:: DATASET SECTION ::
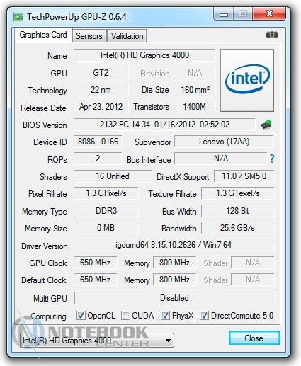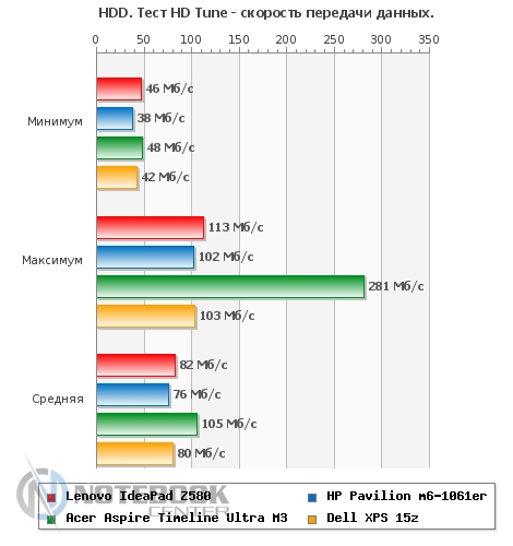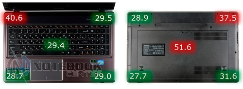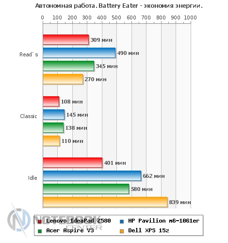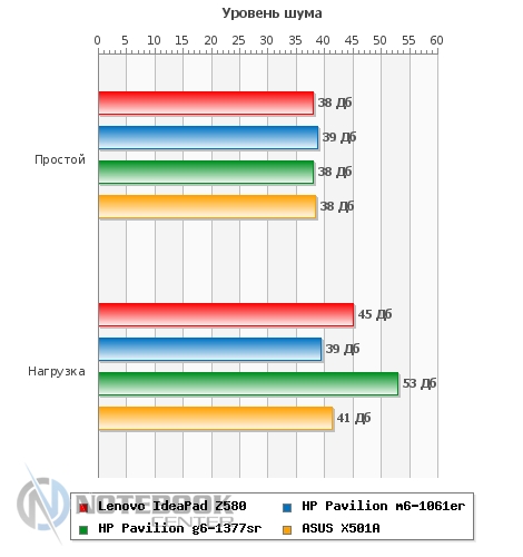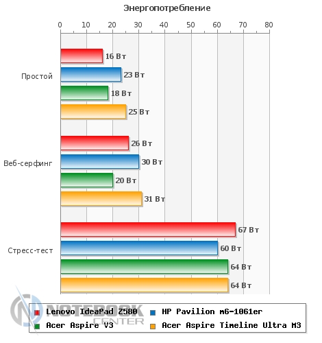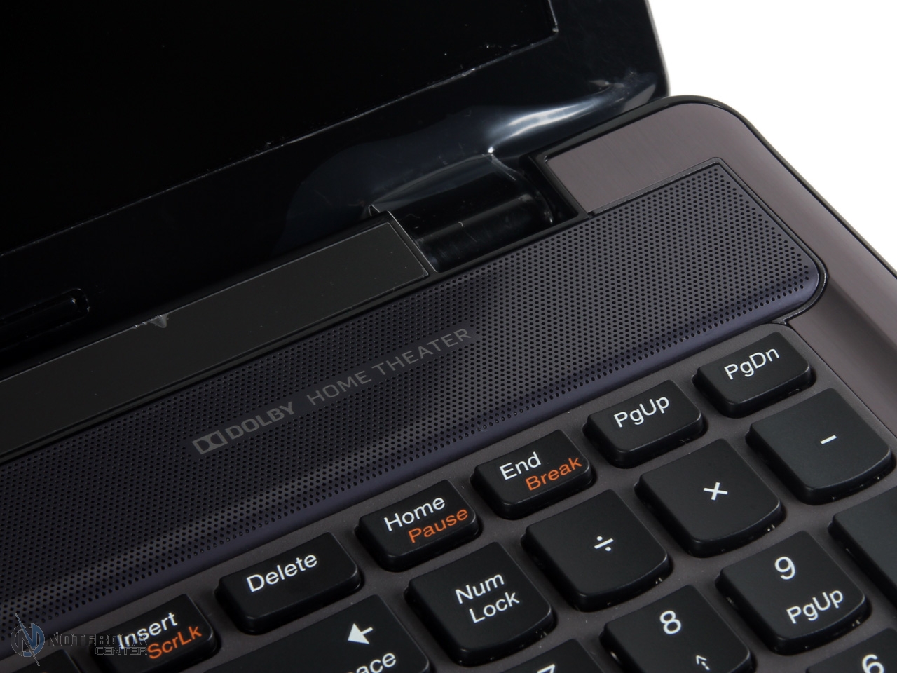 Комплект поставкиНоутбук поставляется в коробке, которая кроме самого ноутбука также содержит: 90-ваттный блок питания, 6-секционный литий-ионнный аккумулятор емкостью 4400 мАч, а также набор документации, который включает три брошюры. Кроме того, в комплекте поставки имеется диск с драйверами для моделей Z380, Z480 и Z580. ![]() ДизайнВнешне ноутбук получился довольно строгим, то есть его нельзя назвать бизнесс-аппаратом, но и чисто мультимедийной имиджевой моделью тоже. Верхняя крышка и подладонная поверхность выполнены из полированного алюминия, а днище из пластика. Из каких-то особенностей в ноутбуке можно выделить надпись Lenovo на крышке и приятного вида решетку, расположенную над клавиатурой, которая закрывает динамики. ![]() Ноутбук поставляется в трех цветовых решениях: вишнево-красном, снежно-белом и графитово-сером. К нам на тестирование попал ноутбук именно в последнем цветовом исполнении. В нем ноутбук смотрится более строго и даже больше похож на бизнес модель. Можно выделить отличное качество сборки, а вот что касается прочности корпуса, то тут есть довольно сильные прогибы в области крышки и в левой верхней части клавиатуры. ![]() В целом дизайн Lenovo IdeaPad Z580 можно назвать стандартным, он не имеет каких-либо футуристических вычурных линий и контуров. Крышка выполнена с небольшими скосами по краям, передняя грань также скошена вниз, что придает ноутбуку более «легкую» внешность. ![]() Отдельно можно отметить и днище ноутбука, но оно выделяется не материалами или дизайном, а своей функциональностью. Дело в том, что у большинства ноутбуков на днище если и имеется отсек для доступа к внутренним компонентам, то он не очень большой. В нашей же модели крышка покрывает почти все днище, таким образом можно получить быстрый доступ почти ко всем «внутренностям», раскрутив всего один винт. ![]() В целом, на днище имеется два достаточно больших вентиляционных отверстия и четыре резиновые ножки, которые будут уверенно удерживать ноутбук, например на стеклянном столе. Габариты и вес 15.6-дюймовой мультимедийной модели соответствуют ее наполнению и функциональности, так размеры ноутбука составляют 329x376x25 мм, а вес чуть больше 2.5 кг, это конечно не ультрабук, но тоже вполне транспортабельный аппарат. ![]() Дисплей, звук и веб-камераLenovo IdeaPad Z580 оснащен 15.6-дюймовым дисплеем с разрешением 1366х768 пикселей, используется матрица B156XTN02.0 производства AU Optitronics. Что касается ее качества, то оно далеко не самое лучшее, точнее оно стандартное, но для мультиммедийной модели хотелось бы и получше. ![]() Еще стоит отметить, что дисплей у Z580 глянцевый, что может создать трудности при работе на улице или в хорошо освещенном помещении. Что касается углов обзора, то по горизонтали они не вызывают претензий, картинка не искажается даже при взгляде с большого угла, а вот вертикальные углы оставляют желать лучшего; даже при небольших отклонениях от центра картинка на дисплее начинает блекнуть. ![]() Мультимедийность данной модели подчеркивается установленной на ней качественной акустикой. Запас уровня громкости довольно большой и послушать музыку или посмотреть фильм можно даже в довольно шумном помещении. Но громко не всегда качественно, к счастью в Lenovo IdeaPad Z580 и уровень громкости, и качество звука на высоком уровне. Воспроизводимый динамиками звук можно охарактеризовать как д
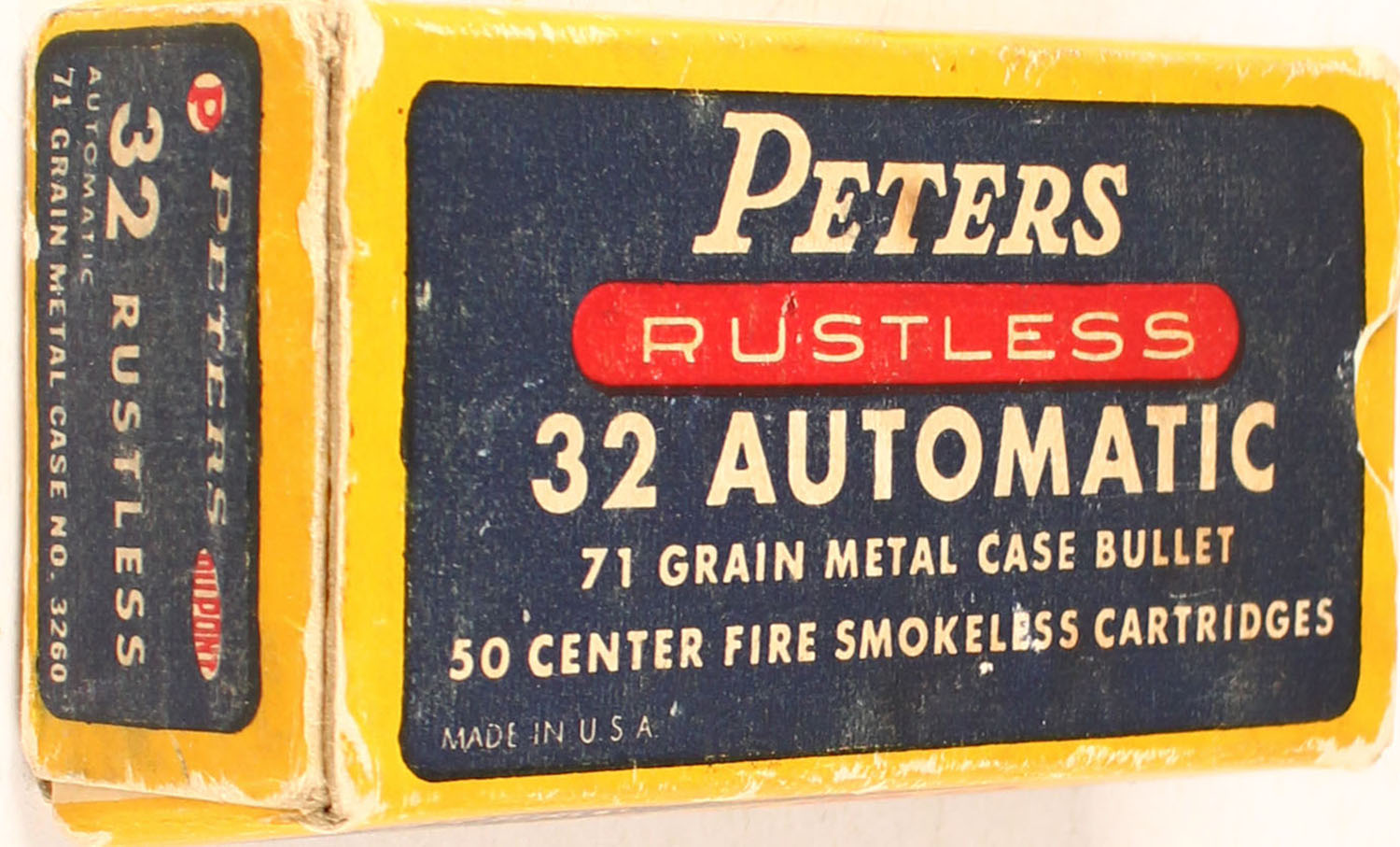 Peters, Rustless, .32 Automatic, 71 Gr. metal cased bullet, smokeless, 1pc Full, yellow box with blue/red label & white print, box is solid with factory seam that has come undone, rub marks, & edge/corner wear, ammo is very good. Grade: Very Good + - Value: 30 to 60
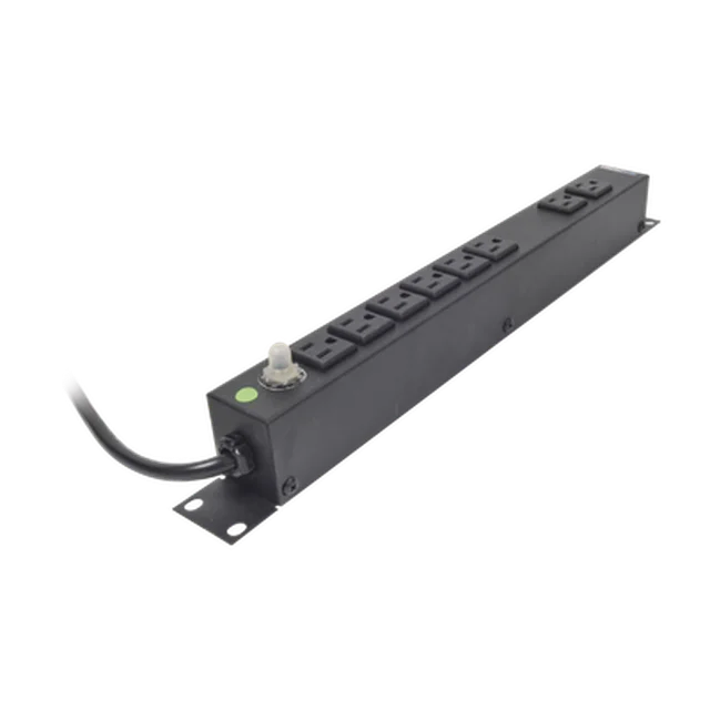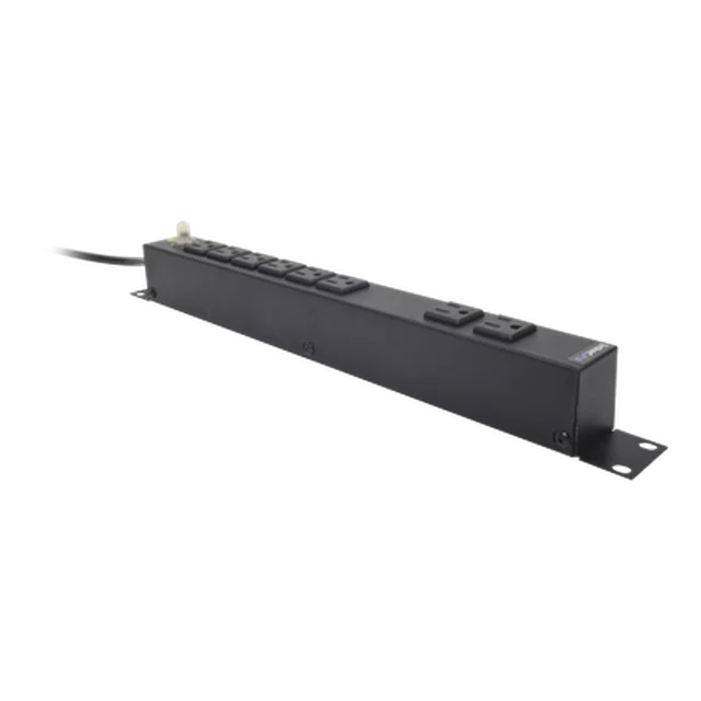 Tomacorriente Horizontal (PDU) de 8 Contactos (NEMA 5-15R) Rack 19″ 1UR. Voltaje Entrada/Salida: 120Vca/15A
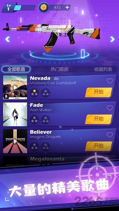 4、健康游戏环境无氪金压力。每首歌曲都配有专属设计的射击轨道。所有内容均可通过游戏内成就解锁,技术才是决定分数的关键因素。
:::
Write out all the material above exactly, with no image carried over.

§ RESPONSE AREA
 Комплект поставкиНоутбук поставляется в коробке, которая кроме самого ноутбука также содержит: 90-ваттный блок питания, 6-секционный литий-ионнный аккумулятор емкостью 4400 мАч, а также набор документации, который включает три брошюры. Кроме того, в комплекте поставки имеется диск с драйверами для моделей Z380, Z480 и Z580. ![]() ДизайнВнешне ноутбук получился довольно строгим, то есть его нельзя назвать бизнесс-аппаратом, но и чисто мультимедийной имиджевой моделью тоже. Верхняя крышка и подладонная поверхность выполнены из полированного алюминия, а днище из пластика. Из каких-то особенностей в ноутбуке можно выделить надпись Lenovo на крышке и приятного вида решетку, расположенную над клавиатурой, которая закрывает динамики. ![]() Ноутбук поставляется в трех цветовых решениях: вишнево-красном, снежно-белом и графитово-сером. К нам на тестирование попал ноутбук именно в последнем цветовом исполнении. В нем ноутбук смотрится более строго и даже больше похож на бизнес модель. Можно выделить отличное качество сборки, а вот что касается прочности корпуса, то тут есть довольно сильные прогибы в области крышки и в левой верхней части клавиатуры. ![]() В целом дизайн Lenovo IdeaPad Z580 можно назвать стандартным, он не имеет каких-либо футуристических вычурных линий и контуров. Крышка выполнена с небольшими скосами по краям, передняя грань также скошена вниз, что придает ноутбуку более «легкую» внешность. ![]() Отдельно можно отметить и днище ноутбука, но оно выделяется не материалами или дизайном, а своей функциональностью. Дело в том, что у большинства ноутбуков на днище если и имеется отсек для доступа к внутренним компонентам, то он не очень большой. В нашей же модели крышка покрывает почти все днище, таким образом можно получить быстрый доступ почти ко всем «внутренностям», раскрутив всего один винт. ![]() В целом, на днище имеется два достаточно больших вентиляционных отверстия и четыре резиновые ножки, которые будут уверенно удерживать ноутбук, например на стеклянном столе. Габариты и вес 15.6-дюймовой мультимедийной модели соответствуют ее наполнению и функциональности, так размеры ноутбука составляют 329x376x25 мм, а вес чуть больше 2.5 кг, это конечно не ультрабук, но тоже вполне транспортабельный аппарат. ![]() Дисплей, звук и веб-камераLenovo IdeaPad Z580 оснащен 15.6-дюймовым дисплеем с разрешением 1366х768 пикселей, используется матрица B156XTN02.0 производства AU Optitronics. Что касается ее качества, то оно далеко не самое лучшее, точнее оно стандартное, но для мультиммедийной модели хотелось бы и получше. ![]() Еще стоит отметить, что дисплей у Z580 глянцевый, что может создать трудности при работе на улице или в хорошо освещенном помещении. Что касается углов обзора, то по горизонтали они не вызывают претензий, картинка не искажается даже при взгляде с большого угла, а вот вертикальные углы оставляют желать лучшего; даже при небольших отклонениях от центра картинка на дисплее начинает блекнуть. ![]() Мультимедийность данной модели подчеркивается установленной на ней качественной акустикой. Запас уровня громкости довольно большой и послушать музыку или посмотреть фильм можно даже в довольно шумном помещении. Но громко не всегда качественно, к счастью в Lenovo IdeaPad Z580 и уровень громкости, и качество звука на высоком уровне. Воспроизводимый динамиками звук можно охарактеризовать как д
 Peters, Rustless, .32 Automatic, 71 Gr. metal cased bullet, smokeless, 1pc Full, yellow box with blue/red label & white print, box is solid with factory seam that has come undone, rub marks, & edge/corner wear, ammo is very good. Grade: Very Good + - Value: 30 to 60
 Tomacorriente Horizontal (PDU) de 8 Contactos (NEMA 5-15R) Rack 19″ 1UR. Voltaje Entrada/Salida: 120Vca/15A
 4、健康游戏环境无氪金压力。每首歌曲都配有专属设计的射击轨道。所有内容均可通过游戏内成就解锁,技术才是决定分数的关键因素。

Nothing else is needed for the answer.